LetsPlot.setup_html()

# load the data
mpg = pd.read_csv(
    "https://vincentarelbundock.github.io/Rdatasets/csv/ggplot2/mpg.csv", index_col=0
)

In [2]:
(ggplot(mpg, aes(x="displ", y="hwy")) + geom_point())

In [3]:
# Now we’re going to add lots of extra useful information that will make the chart better. The purpose of a plot title is to summarize the main finding. Avoid titles that just describe what the plot is, e.g., “A scatterplot of engine displacement vs. fuel economy”.

# We’re going to:

# add a title that summarises the main finding you’d like the viewer to take away (as opposed to one just describing the obvious!)

# add a subtitle that provides more info on the y-axis, and make the x-label more understandable

# remove the y-axis label that is at an awkward viewing angle

# add a caption with the source of the data

# Putting this all in, we get:


(
    ggplot(mpg, aes(x="displ", y="hwy"))
    + geom_point(aes(colour="class"))
    + geom_smooth(se=False, method="loess", size=1)
    + labs(
        title="Fuel efficiency generally decreases with engine size",
        subtitle="Highway fuel efficiency (miles per gallon)",
        caption="Source: fueleconomy.gov",
        y="",
        x="Engine displacement (litres)",
    )
)

In [4]:
(
    ggplot(mpg, aes(x="displ", y="hwy"))
    + geom_point(aes(colour="class"))
    + geom_smooth(se=False, method="loess", size=1)
    + labs(
        x="Engine displacement (L)",
        y="Highway fuel economy (mpg)",
        colour="Car type",
        title="Fuel efficiency generally decreases with engine size",
        subtitle="Two seaters (sports cars) are an exception because of their light weight",
        caption="Source: fueleconomy.gov",
    )
)

In [7]:
# In addition to labelling major components of your plot, it’s often useful to label individual observations or groups of observations.

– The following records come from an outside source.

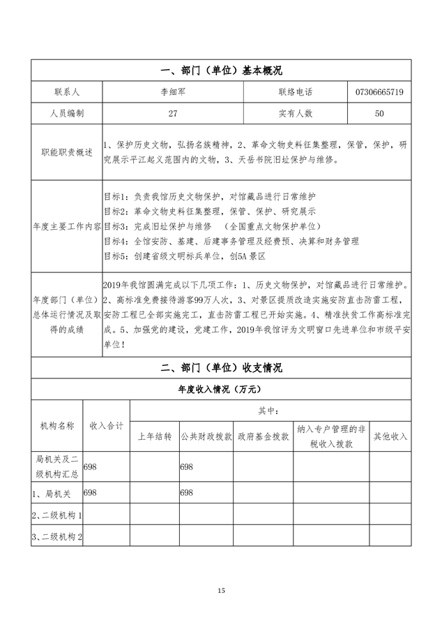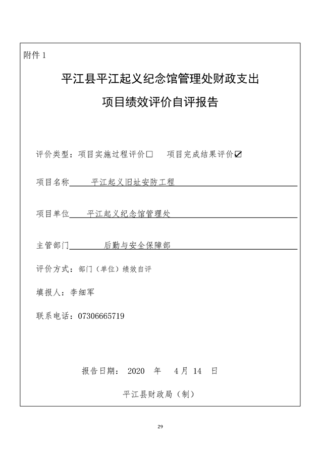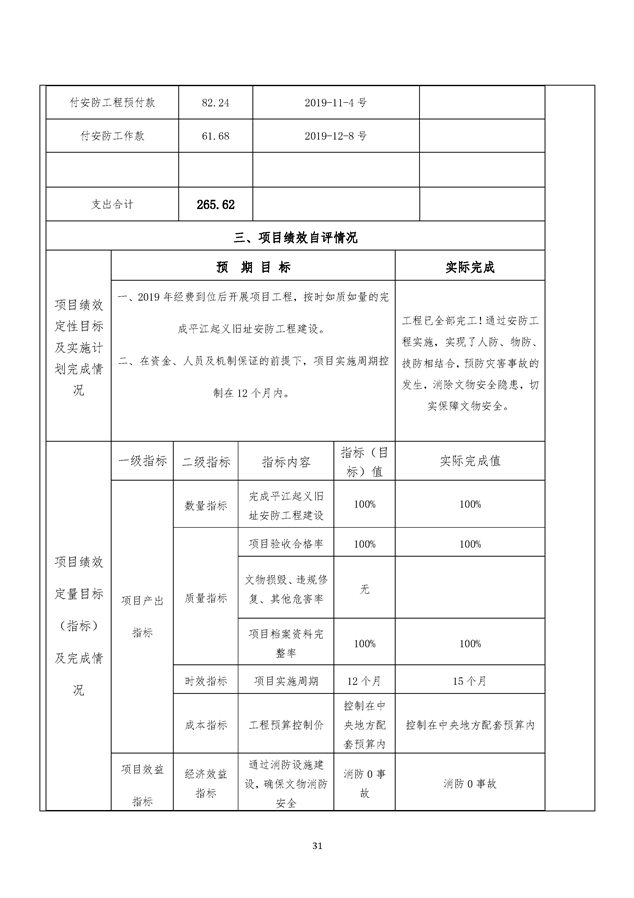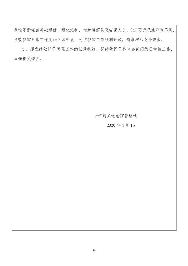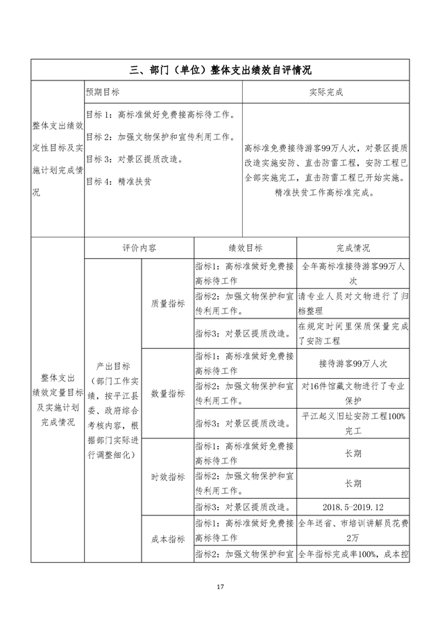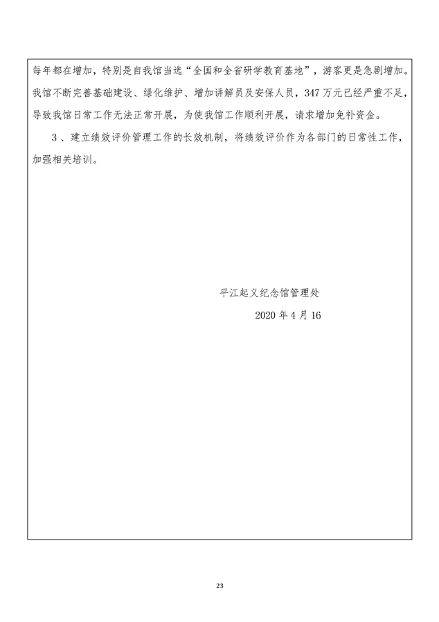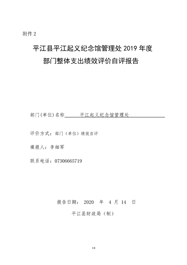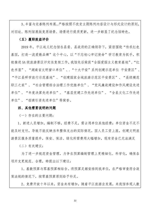 平江县起义纪念馆管理处2019年度整体支出绩效自评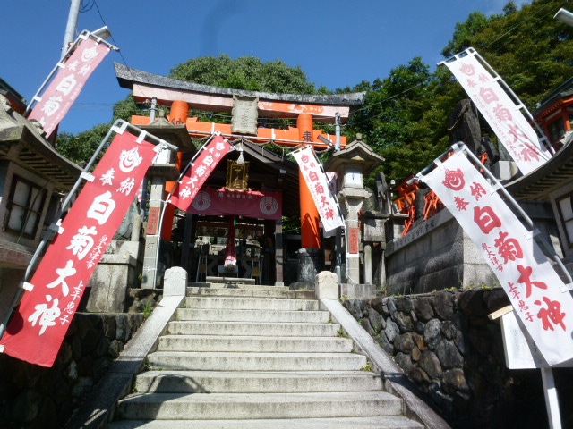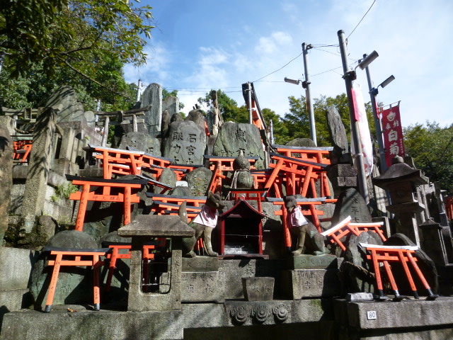 今日は京都・伏見稲荷大社に来ています。三年連続で海外からの観光客No1の幟が立っていますよ。すごいねぇー、本当に多いからね。稲荷山の頂上を目指すべくここ「三ノ峯」まで来ました。ここは白菊大神祀っていてここにも多くの大小の鳥居があります。お店がありますがここまで来ると飲み物が2倍くらいしますね、コンビニでの事前購入をして登った方が良いですね。あと、二ノ峰、そして一ノ峰が頂上となります。頑張りまーす。
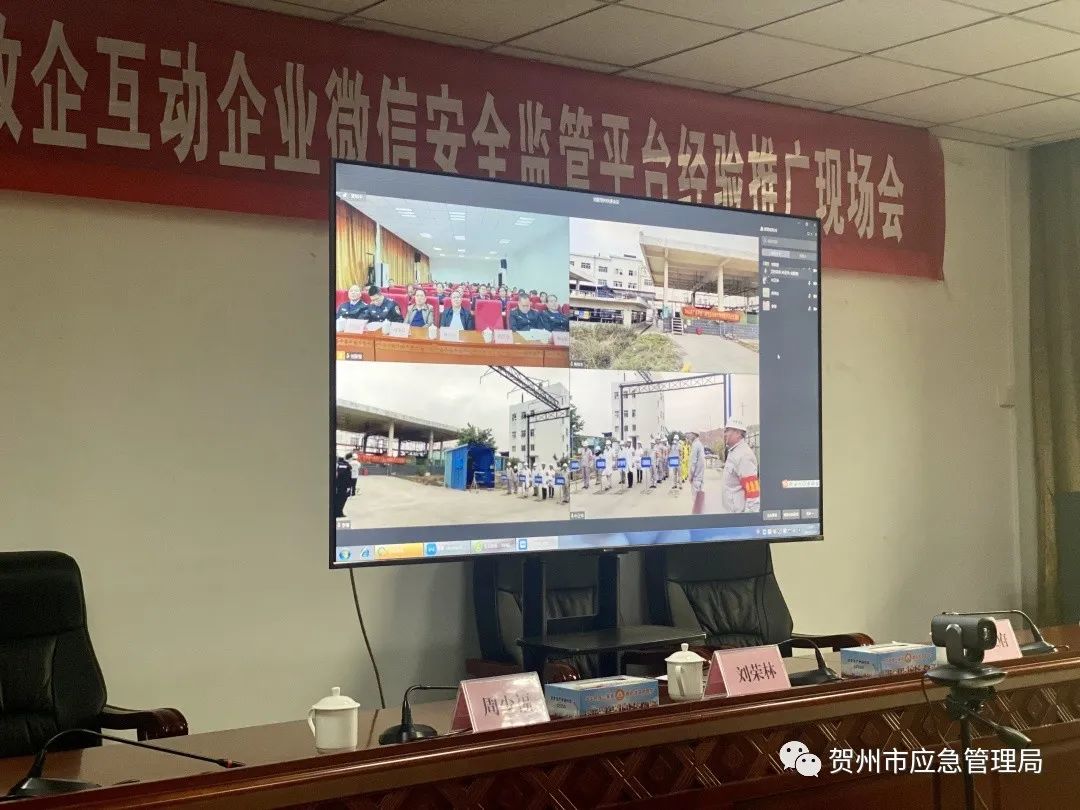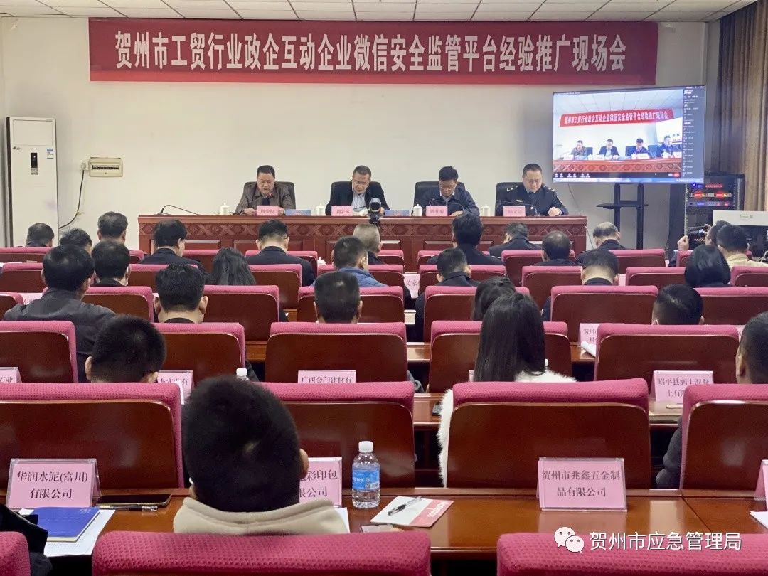 贺州市应急管理局在平桂区召开全市工贸行业政企互动企业微信安全监管平台经验推广现场会。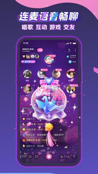 1、可以开启零距离多人一对一语音社交体验,让大家通过平台来认识。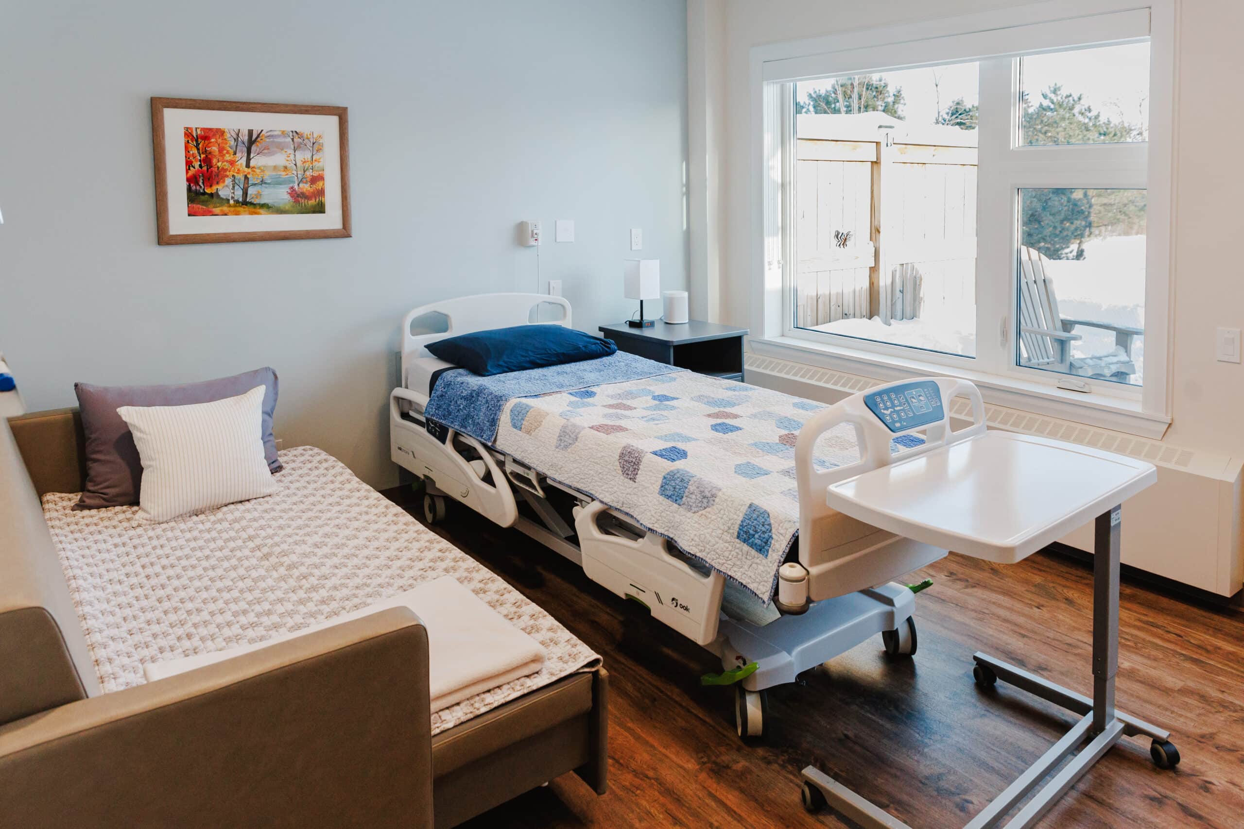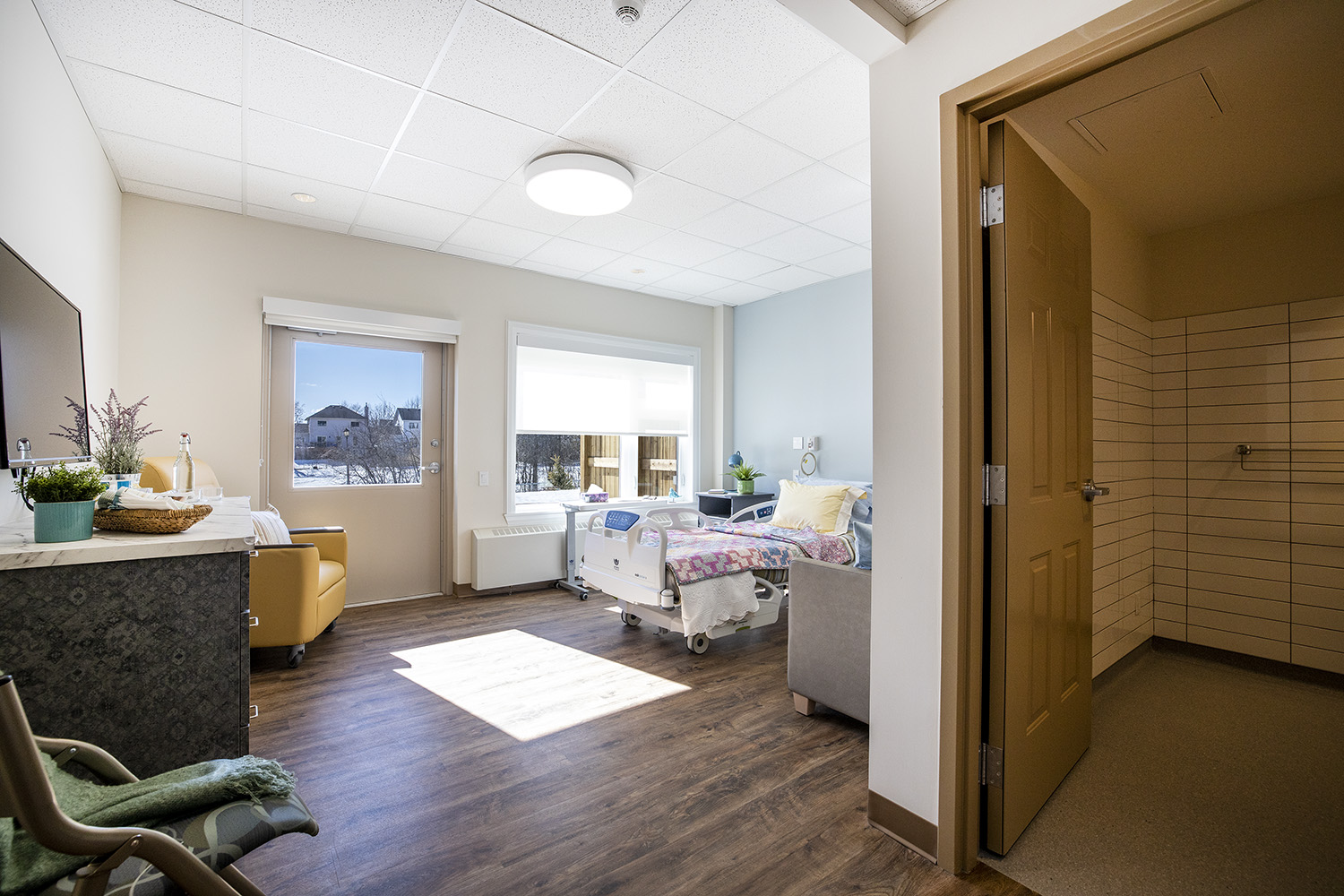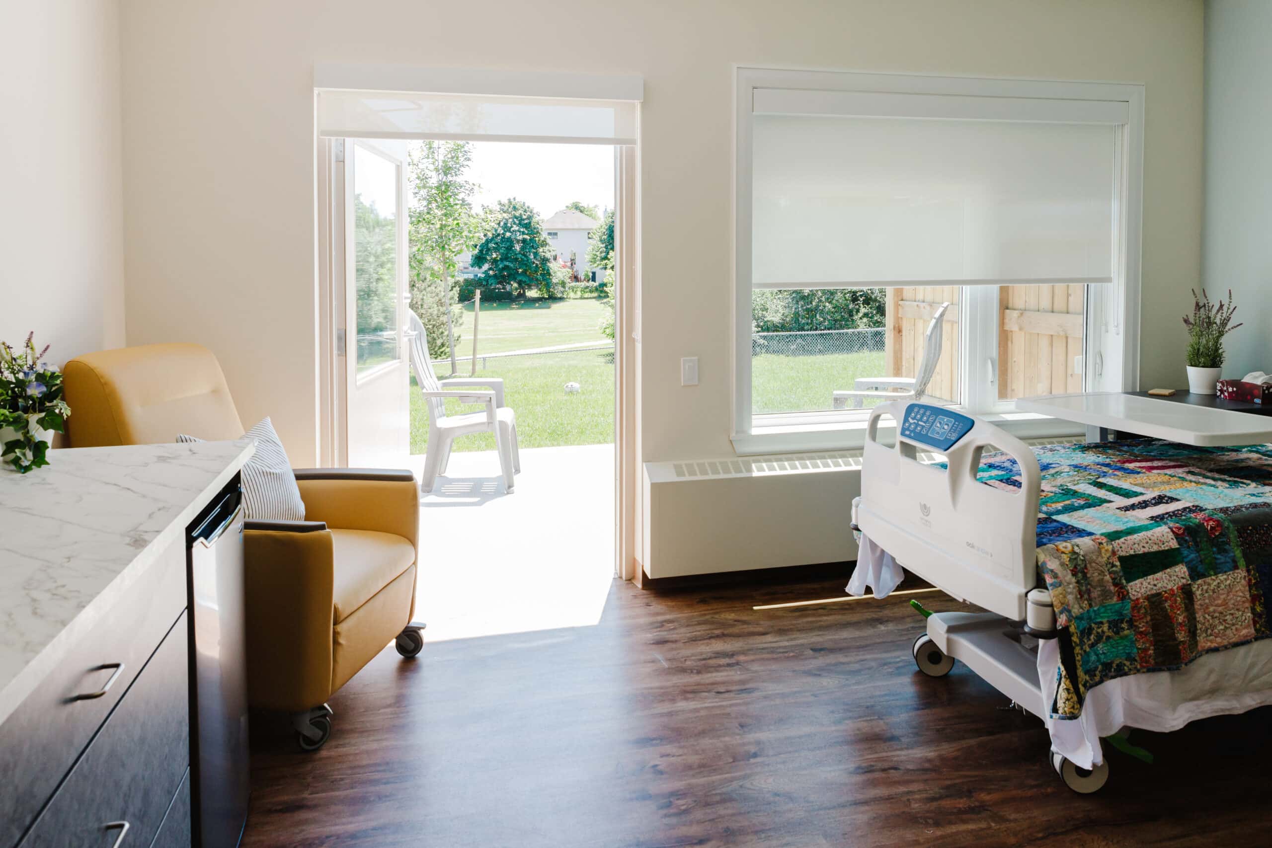Our hospice residence, the Morgan & Sidhu House, was designed to feel like home—a quiet, comforting space where residents and their families can spend meaningful time together.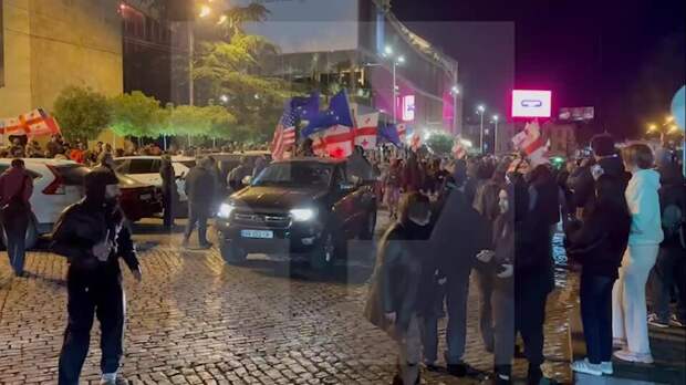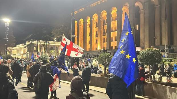 Грузинская оппозиция вышла с флагами Евросоюза на протесты в столице страны Тбилиси, соответствующий кадры оказались в распоряжении РЕН ТВ. Еще на акции появилась бывший президент Грузии Саломе Зурабишвили, сообщил журналист Георгий Джабишвили.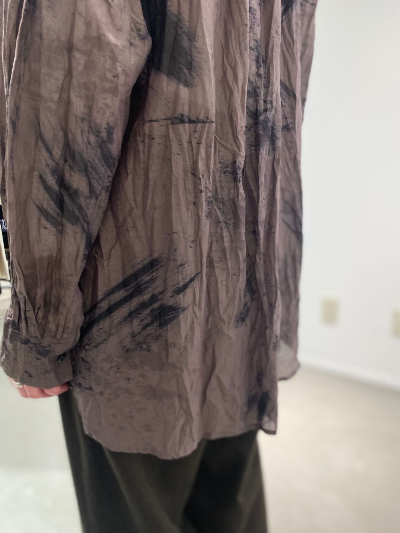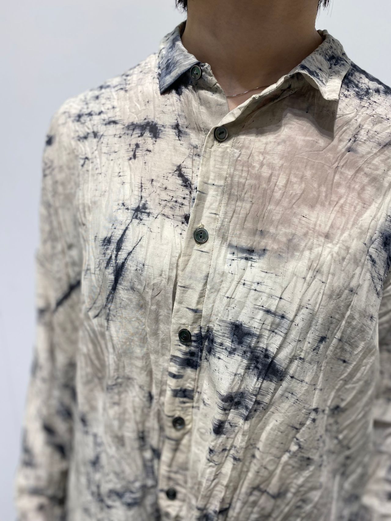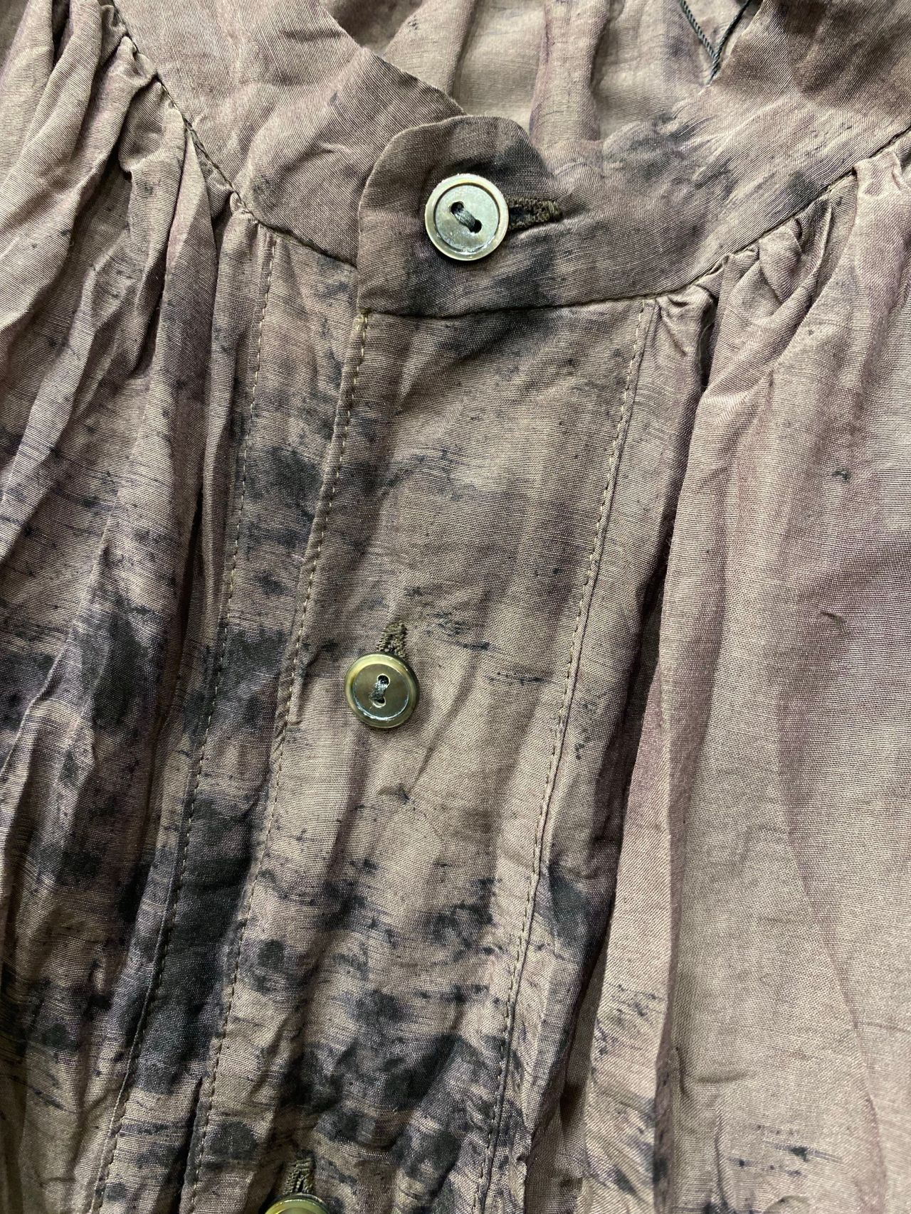 Fabric:コットンの爽やかな肌触りと、シルク特有のしっとりとした肌触り、控えめな光沢感が美しいローン素材。製品で染料をランダムに飛ばし線のように引く、垂らして揉み込むなどで柄付け。その後媒染し、ソービング工程を施すスパッタリングという加工をしている。
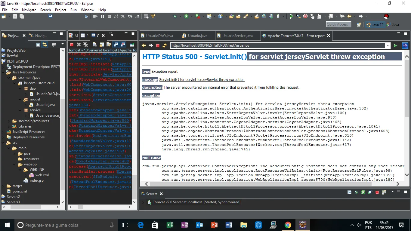 INFORMAÇÕES: Marking servlet jerseyServlet as unavailable

The first tool you have at your disposal is geom_text(). geom_text() is similar to geom_point(), but it has an additional aesthetic: label. This makes it possible to add textual labels to your plots.

# There are two possible sources of labels: ones that are part of the data, which we’ll add with geom_text(); and ones that we add directly and manually as annotations using geom_label().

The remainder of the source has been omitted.